I like this positive attitude towards life. Gloom and doom gets kind of annoying since we do have a life to live. Yes, unfortunately, life can get cut off before we can experience the pain of growing old. But I would rather fulfill life before it does get cut short than worry and end up dead the next day.
I don't think the universe runs like some may think it does. I highly doubt there is anyone in the sky pulling marionette strings to make the universe run. I think it is more complicated than that. If there was a grand controller, who is controlling that "person?" And who that "person?" Life can't be a maze with us as the rats because the universe just wouldn't work like that, with never-ending "controllers of worlds" or gods upon Gods. Therefore, I don't think there is a unified human purpose because no one is out there to confer purpose unto all of us. Instead, we make our own purpose, as simultaneously the rats and the experimenters.

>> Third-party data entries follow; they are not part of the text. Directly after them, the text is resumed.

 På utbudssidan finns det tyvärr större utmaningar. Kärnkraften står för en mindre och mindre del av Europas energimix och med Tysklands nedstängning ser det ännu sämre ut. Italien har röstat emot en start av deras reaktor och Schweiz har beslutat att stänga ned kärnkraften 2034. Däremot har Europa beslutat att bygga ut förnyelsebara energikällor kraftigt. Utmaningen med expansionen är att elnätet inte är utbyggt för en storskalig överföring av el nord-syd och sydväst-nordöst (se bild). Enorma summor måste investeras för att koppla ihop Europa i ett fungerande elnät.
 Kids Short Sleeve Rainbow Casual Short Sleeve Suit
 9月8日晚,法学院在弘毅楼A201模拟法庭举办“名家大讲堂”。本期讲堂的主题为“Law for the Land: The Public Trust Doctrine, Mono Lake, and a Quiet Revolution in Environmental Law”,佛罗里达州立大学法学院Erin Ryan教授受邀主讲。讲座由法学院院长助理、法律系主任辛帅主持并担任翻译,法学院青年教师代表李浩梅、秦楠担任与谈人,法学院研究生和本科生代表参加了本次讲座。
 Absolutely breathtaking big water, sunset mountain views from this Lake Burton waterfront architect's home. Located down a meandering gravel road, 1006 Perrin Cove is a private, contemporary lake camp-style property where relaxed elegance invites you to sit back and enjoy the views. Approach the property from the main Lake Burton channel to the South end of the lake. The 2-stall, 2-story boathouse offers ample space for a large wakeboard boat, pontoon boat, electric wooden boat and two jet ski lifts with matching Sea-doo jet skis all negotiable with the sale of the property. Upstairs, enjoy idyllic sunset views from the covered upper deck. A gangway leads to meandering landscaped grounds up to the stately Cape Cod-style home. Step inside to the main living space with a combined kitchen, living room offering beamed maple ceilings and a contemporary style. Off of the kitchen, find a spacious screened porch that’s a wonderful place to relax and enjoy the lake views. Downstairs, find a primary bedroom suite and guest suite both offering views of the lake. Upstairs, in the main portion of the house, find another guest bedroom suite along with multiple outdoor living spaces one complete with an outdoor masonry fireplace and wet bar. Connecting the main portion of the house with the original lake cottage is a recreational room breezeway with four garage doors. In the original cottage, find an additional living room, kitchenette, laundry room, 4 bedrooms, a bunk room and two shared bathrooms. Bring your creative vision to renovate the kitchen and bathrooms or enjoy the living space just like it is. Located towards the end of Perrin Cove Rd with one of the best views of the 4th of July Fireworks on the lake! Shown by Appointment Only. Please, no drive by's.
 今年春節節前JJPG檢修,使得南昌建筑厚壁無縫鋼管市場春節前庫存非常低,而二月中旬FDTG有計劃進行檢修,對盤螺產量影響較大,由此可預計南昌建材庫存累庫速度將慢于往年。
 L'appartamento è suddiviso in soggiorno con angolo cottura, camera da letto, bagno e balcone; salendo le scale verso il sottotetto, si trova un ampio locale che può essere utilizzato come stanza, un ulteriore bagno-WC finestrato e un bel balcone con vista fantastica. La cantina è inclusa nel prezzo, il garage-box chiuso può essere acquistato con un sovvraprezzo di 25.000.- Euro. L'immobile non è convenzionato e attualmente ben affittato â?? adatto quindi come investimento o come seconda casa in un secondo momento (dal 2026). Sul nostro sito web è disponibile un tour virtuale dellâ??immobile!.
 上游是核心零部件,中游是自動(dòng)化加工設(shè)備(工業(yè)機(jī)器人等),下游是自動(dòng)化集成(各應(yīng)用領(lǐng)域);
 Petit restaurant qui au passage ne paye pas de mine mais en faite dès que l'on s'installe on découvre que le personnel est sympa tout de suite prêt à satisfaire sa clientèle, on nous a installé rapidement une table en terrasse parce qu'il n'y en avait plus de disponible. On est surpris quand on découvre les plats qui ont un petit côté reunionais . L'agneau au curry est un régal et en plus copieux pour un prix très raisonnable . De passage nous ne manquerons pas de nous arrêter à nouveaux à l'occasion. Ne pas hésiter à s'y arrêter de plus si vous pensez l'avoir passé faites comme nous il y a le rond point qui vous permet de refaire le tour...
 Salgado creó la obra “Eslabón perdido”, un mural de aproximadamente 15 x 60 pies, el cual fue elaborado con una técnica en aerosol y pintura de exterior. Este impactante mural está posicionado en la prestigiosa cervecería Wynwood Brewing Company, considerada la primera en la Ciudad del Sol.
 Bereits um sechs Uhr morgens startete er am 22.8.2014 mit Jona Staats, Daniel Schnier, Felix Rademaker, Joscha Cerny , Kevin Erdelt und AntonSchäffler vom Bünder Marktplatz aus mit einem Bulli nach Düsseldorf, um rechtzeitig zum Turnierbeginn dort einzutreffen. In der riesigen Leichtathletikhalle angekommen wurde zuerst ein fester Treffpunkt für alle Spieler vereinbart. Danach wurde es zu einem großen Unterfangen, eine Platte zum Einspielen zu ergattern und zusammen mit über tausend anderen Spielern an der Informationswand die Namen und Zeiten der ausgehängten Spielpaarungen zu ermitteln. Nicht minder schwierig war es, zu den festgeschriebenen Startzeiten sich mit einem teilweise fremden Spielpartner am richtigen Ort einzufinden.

Imagining the purpose of life is like imagining the purpose of college while in high school. It is easy to think that, like high school, college gives you purpose. High school tells you where to go and what to do and where you should be going. But not college. College is about whatever you want it to be: How does your schedule work, what do you like to study, what do you want to get out of it. Life is about whatever we want it to be, be it living morally or getting as rich as one can or finding happiness. If you walk into a chemistry class and the teacher tells you what your lab is about, that's not living. Life is walking into the same room and only finding a couple of flasks, a bunsen burner, and a pencil and a piece of paper. No one tells us the meaning of our lives but ourselves. And it is for that reason anything is possible. We are living a computer program where we are the programmers and we are only bound by the physical limits of our computer. And even that can be upgraded. "Life can't be a maze with us as the rats because the universe just wouldn't work like that"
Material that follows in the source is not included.